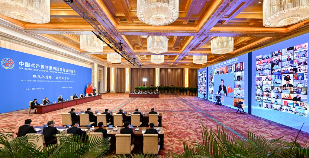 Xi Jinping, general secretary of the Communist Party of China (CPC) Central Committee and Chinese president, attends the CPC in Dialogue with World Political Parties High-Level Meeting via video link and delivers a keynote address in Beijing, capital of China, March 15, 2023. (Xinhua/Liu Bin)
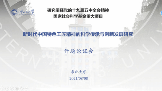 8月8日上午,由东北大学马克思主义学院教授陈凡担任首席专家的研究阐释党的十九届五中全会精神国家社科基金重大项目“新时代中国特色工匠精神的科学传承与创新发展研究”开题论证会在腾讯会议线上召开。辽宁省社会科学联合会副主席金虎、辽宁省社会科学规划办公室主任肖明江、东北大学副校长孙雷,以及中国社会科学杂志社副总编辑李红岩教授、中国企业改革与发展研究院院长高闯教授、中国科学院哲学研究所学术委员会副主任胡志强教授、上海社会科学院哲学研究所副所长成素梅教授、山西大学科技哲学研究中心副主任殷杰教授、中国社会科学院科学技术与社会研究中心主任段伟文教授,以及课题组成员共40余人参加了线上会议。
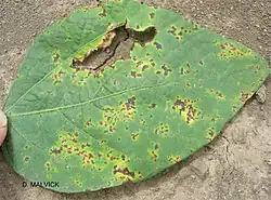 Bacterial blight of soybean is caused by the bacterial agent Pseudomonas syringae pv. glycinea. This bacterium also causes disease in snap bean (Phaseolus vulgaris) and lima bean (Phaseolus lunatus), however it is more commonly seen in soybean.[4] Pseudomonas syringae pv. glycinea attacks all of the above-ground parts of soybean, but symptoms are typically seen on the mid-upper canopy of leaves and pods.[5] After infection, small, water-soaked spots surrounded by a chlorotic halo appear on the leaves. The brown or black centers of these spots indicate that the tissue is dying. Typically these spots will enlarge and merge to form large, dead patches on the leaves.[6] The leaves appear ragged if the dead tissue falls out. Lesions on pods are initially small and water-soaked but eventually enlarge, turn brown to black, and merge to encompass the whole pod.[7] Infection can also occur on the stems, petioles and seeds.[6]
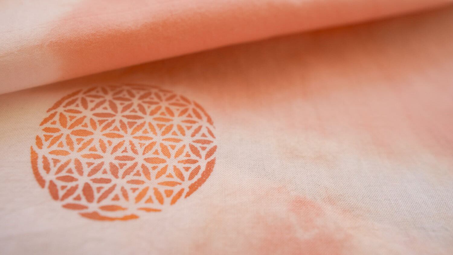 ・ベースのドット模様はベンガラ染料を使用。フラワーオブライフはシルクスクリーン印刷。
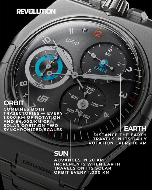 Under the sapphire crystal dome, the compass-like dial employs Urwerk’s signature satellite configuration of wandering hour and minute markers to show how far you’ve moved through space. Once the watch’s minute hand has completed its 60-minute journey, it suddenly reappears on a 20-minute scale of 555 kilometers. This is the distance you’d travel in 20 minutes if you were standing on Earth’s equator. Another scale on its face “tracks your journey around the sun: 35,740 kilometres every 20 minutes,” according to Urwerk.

──────────

### Required action
Every line above should be transcribed word for word; leave the pictures out.

### Response to the exercise
 Xi Jinping, general secretary of the Communist Party of China (CPC) Central Committee and Chinese president, attends the CPC in Dialogue with World Political Parties High-Level Meeting via video link and delivers a keynote address in Beijing, capital of China, March 15, 2023. (Xinhua/Liu Bin)
 8月8日上午,由东北大学马克思主义学院教授陈凡担任首席专家的研究阐释党的十九届五中全会精神国家社科基金重大项目“新时代中国特色工匠精神的科学传承与创新发展研究”开题论证会在腾讯会议线上召开。辽宁省社会科学联合会副主席金虎、辽宁省社会科学规划办公室主任肖明江、东北大学副校长孙雷,以及中国社会科学杂志社副总编辑李红岩教授、中国企业改革与发展研究院院长高闯教授、中国科学院哲学研究所学术委员会副主任胡志强教授、上海社会科学院哲学研究所副所长成素梅教授、山西大学科技哲学研究中心副主任殷杰教授、中国社会科学院科学技术与社会研究中心主任段伟文教授,以及课题组成员共40余人参加了线上会议。
 Bacterial blight of soybean is caused by the bacterial agent Pseudomonas syringae pv. glycinea. This bacterium also causes disease in snap bean (Phaseolus vulgaris) and lima bean (Phaseolus lunatus), however it is more commonly seen in soybean.[4] Pseudomonas syringae pv. glycinea attacks all of the above-ground parts of soybean, but symptoms are typically seen on the mid-upper canopy of leaves and pods.[5] After infection, small, water-soaked spots surrounded by a chlorotic halo appear on the leaves. The brown or black centers of these spots indicate that the tissue is dying. Typically these spots will enlarge and merge to form large, dead patches on the leaves.[6] The leaves appear ragged if the dead tissue falls out. Lesions on pods are initially small and water-soaked but eventually enlarge, turn brown to black, and merge to encompass the whole pod.[7] Infection can also occur on the stems, petioles and seeds.[6]
 ・ベースのドット模様はベンガラ染料を使用。フラワーオブライフはシルクスクリーン印刷。
 Under the sapphire crystal dome, the compass-like dial employs Urwerk’s signature satellite configuration of wandering hour and minute markers to show how far you’ve moved through space. Once the watch’s minute hand has completed its 60-minute journey, it suddenly reappears on a 20-minute scale of 555 kilometers. This is the distance you’d travel in 20 minutes if you were standing on Earth’s equator. Another scale on its face “tracks your journey around the sun: 35,740 kilometres every 20 minutes,” according to Urwerk.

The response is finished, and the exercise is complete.